* Problem to work on *
The records below must be transcribed exactly, with each picture left out.
::::
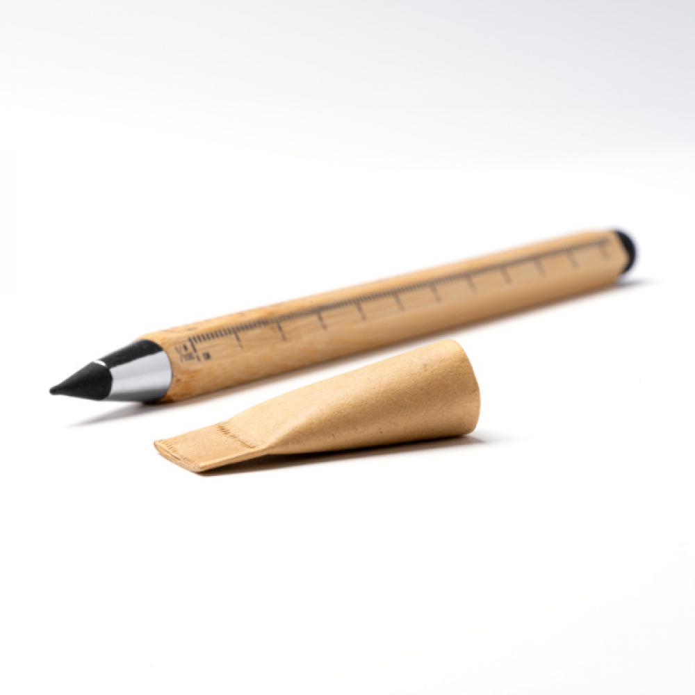 Многофункциональный карандаш с корпусом из бамбука - универсальный и экологически чистый инструмент для ваших письменных нужд и не только. Корпус из бамбука придает карандашу естественный и элегантный вид, а также является экологически чистым вариантом.Сменный бесконечный графитовый стержень позволяет наслаждаться гладким и точным письмом, не беспокоясь о том, что графит закончится. Просто замените стержень при необходимости и продолжайте писать без прерываний.Помимо функции карандаша, этот инструмент также имеет функциональность линейки. С помощью гравированных меток измерений на корпусе из бамбука вы можете использовать его в качестве линейки для быстрых и точных измерений.Карандаш также оснащен сенсорным указателем на противоположном конце, позволяющим вам точно и удобно взаимодействовать с сенсорными устройствами. Независимо от того, нужно ли вам просматривать, писать или рисовать на смартфоне или планшете, сенсорный указатель дает вам больше контроля. Картонная крышка защищает кончик карандаша, когда он не используется, обеспечивая экологически чистый и практичный вариант для сохранения вашего карандаша в безопасности.
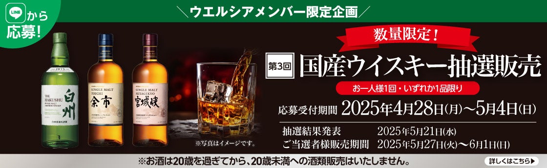 ウエルシア薬局株式会社(本社:東京都千代田区、代表取締役社長:田中純一、以下 ウエルシア薬局)は、ウエルシアグループのドラッグストア会社※1とともに、ウエルシアメンバーにご登録をいただいていますお客さまを対象に国産ウイスキーを抽選販売※2いたします。本抽選販売は昨年に引き続き3回目となり、4月28日(月)から5月4日(日)までの期間にウエルシアの公式LINEアカウントからご応募いただけます。 ※1 1部取り扱いのない会社と店舗がございます。
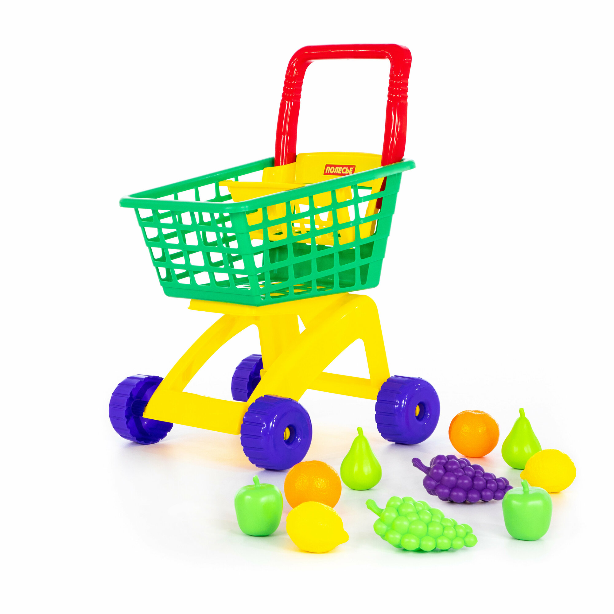 Игровой набор Полесье Тележка для маркета Мини, фиолетовая с набором продуктов №15 (12 предметов) в сеточке П-71392/фиолетовый
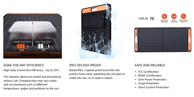 • Easy Setup & Kickstand Included: The Jackery Solarsaga 100X features 2 kickstands that can be placed firmly on any surface ground. With just a few seconds of setup, the foldable solar panel starts soaking energy from the sun. The TPE rubber handle allows you to carry around easily when taking off-grid adventures.
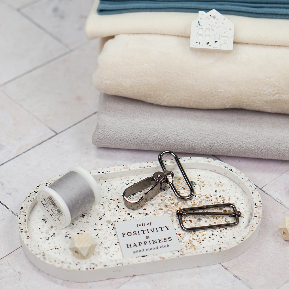 - Für diese Tasche legt ihr jeweils 0,5 m (1 Einheit) von dem Außenstoff und dem Futterstoff in den Warenkorb. Die Schieber benötigt ihr 2x. Die restlichen Zutaten werden 1x benötigt.
::::
* Solution to the exercise *
 Многофункциональный карандаш с корпусом из бамбука - универсальный и экологически чистый инструмент для ваших письменных нужд и не только. Корпус из бамбука придает карандашу естественный и элегантный вид, а также является экологически чистым вариантом.Сменный бесконечный графитовый стержень позволяет наслаждаться гладким и точным письмом, не беспокоясь о том, что графит закончится. Просто замените стержень при необходимости и продолжайте писать без прерываний.Помимо функции карандаша, этот инструмент также имеет функциональность линейки. С помощью гравированных меток измерений на корпусе из бамбука вы можете использовать его в качестве линейки для быстрых и точных измерений.Карандаш также оснащен сенсорным указателем на противоположном конце, позволяющим вам точно и удобно взаимодействовать с сенсорными устройствами. Независимо от того, нужно ли вам просматривать, писать или рисовать на смартфоне или планшете, сенсорный указатель дает вам больше контроля. Картонная крышка защищает кончик карандаша, когда он не используется, обеспечивая экологически чистый и практичный вариант для сохранения вашего карандаша в безопасности.
 ウエルシア薬局株式会社(本社:東京都千代田区、代表取締役社長:田中純一、以下 ウエルシア薬局)は、ウエルシアグループのドラッグストア会社※1とともに、ウエルシアメンバーにご登録をいただいていますお客さまを対象に国産ウイスキーを抽選販売※2いたします。本抽選販売は昨年に引き続き3回目となり、4月28日(月)から5月4日(日)までの期間にウエルシアの公式LINEアカウントからご応募いただけます。 ※1 1部取り扱いのない会社と店舗がございます。
 Игровой набор Полесье Тележка для маркета Мини, фиолетовая с набором продуктов №15 (12 предметов) в сеточке П-71392/фиолетовый
 • Easy Setup & Kickstand Included: The Jackery Solarsaga 100X features 2 kickstands that can be placed firmly on any surface ground. With just a few seconds of setup, the foldable solar panel starts soaking energy from the sun. The TPE rubber handle allows you to carry around easily when taking off-grid adventures.
 - Für diese Tasche legt ihr jeweils 0,5 m (1 Einheit) von dem Außenstoff und dem Futterstoff in den Warenkorb. Die Schieber benötigt ihr 2x. Die restlichen Zutaten werden 1x benötigt.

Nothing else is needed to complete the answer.